そんな物が一体どうして今日は学校であったはずの彼女の手の中にあって、寮の方にそれが持って来られているのだろう。
顔中に疑問符を浮かべていただろうマリナに、呆れ交じりに最初に答えを与えたのはクリスティナの方だった。
「花束ね……学園所有者さんがもらったらしいんだけどさ、要らないからってフェルトの所に置いて行っちゃったらしいのよ」
「それで……私じゃどうしようもないから、寮に置こうと思って持って来たんですけど」
フェルトは言って、くるりと頭を巡らせた。
「……どこかに置けませんか?」
「少し……難しいと思うわ」
若干困りながらも、はっきりとそう答える。
実際、花瓶をこの寮に置くと言うのは難しい。基本的には寮の中で暴れたりしないメンバーが寮生になっているけれど、そのメンバーが個性派ぞろい過ぎるせいで、何週間かに何度かの頻度で厄介事が起こったりする。

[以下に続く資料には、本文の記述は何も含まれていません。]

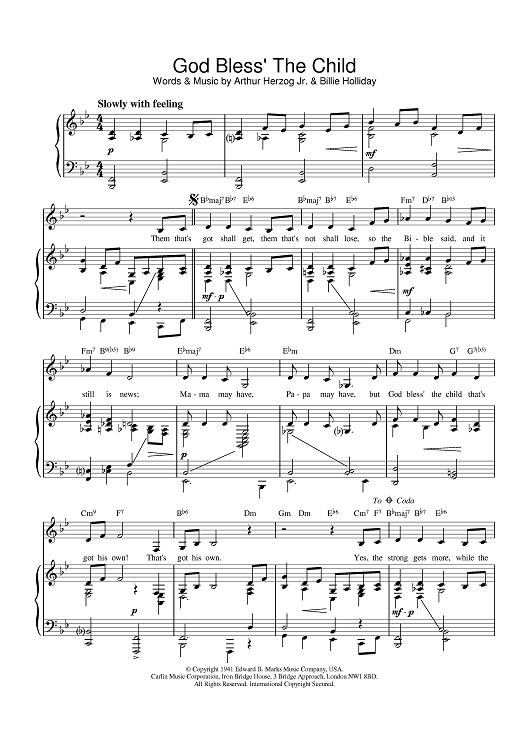 "God Bless' The Child" Sheet Music by Billie Holiday

普通の小競り合いで済めばいいのだけれど、それがたまに大事件に発展してしまうから本当に油断ならない。
その際の戦場の様な光景を思い出しつつ、フェルトの傍に立つクリスティナに尋ねた。
「食堂には置けないんですか?」
寮の一部であるが、食堂はけれどもこちらとは別空間だと自分は思っていた。クリスティナの努力のたまものか、それとも食事を抜かれるか否かが寮生にとって死活問題だからかなのか……多分両方なのだろうが、寮であったら絶対に騒動が起こる様な困った事態があったとしても、食堂ではそれがそこまで発展する事が少ないのである。これはある意味奇跡だと思う。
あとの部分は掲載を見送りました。